# Помогите определиться.



## arx61 (22 Янв 2017)

Доброго времени суток, дорогие форумчане. Попытаюсь быть кратким.Продается баян.Новый. Написано"Мелодия" в объявлении. Как-то не нашел ничего похожего в сети(тут уже готов тапки ловить). Фото с сайта только одно. Продавец не нашел паспорт (получил баян в подарок). Пожалуйста , поделитесь, если кто-нибудь что-либо об этом девайсе знает. Буду благодарен.

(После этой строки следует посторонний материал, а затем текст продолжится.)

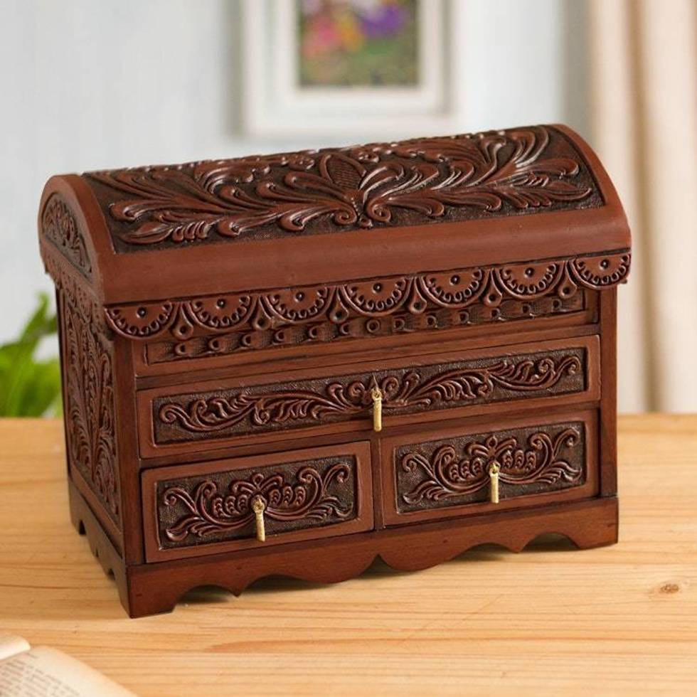 This little jewelry box is visually stunning and beautifully made. I use it as a backdrop for necklaces I sell on-line and its warm color and detailed carvings provide a beautiful contrast to my sparkling jewelry. It is a perfect size for a gift to a teen girl to store her treasures.

Спасибо заранее.


----------



## Kuzalogly (22 Янв 2017)

http://dynatone.ru/info999008975


----------



## vev (22 Янв 2017)

arx61 (22.01.2017, 21:41) писал:


> получил баян в подарок


Теперь он знает врага в лицо 

Друг такого не подарит...


----------



## avm (22 Янв 2017)

Инструменты производства "ОВК Мелодия" на форуме уже упоминали:   
http://www.goldaccordion.com/forum/cat-drugievoprosyi/topic-5702.html


----------



## arx61 (22 Янв 2017)

avm писал:


> Инструменты производства "ОВК Мелодия" на форуме уже упоминали:
> http://www.goldaccordion.com/forum/cat-drugievoprosyi/topic-5702.html


Прочитал. Сайт посетил. Сомнения отпали (они были, когда продавец озвучил вес- 8кг с чехлом). Но проблема все равно остается. Хороший (не требующий оперативного вмешательства) цельнопланочный, готовый баян. Спасибо всем откликнувшимся. Модератор может закрыть тему, т.к. "врагов" мне не надо.


----------



## jem (23 Янв 2017)

ОВК Мелодия и Farinelli, одно и тоже.(только шильдики разные)Китайский ширпотреб, не советую.


----------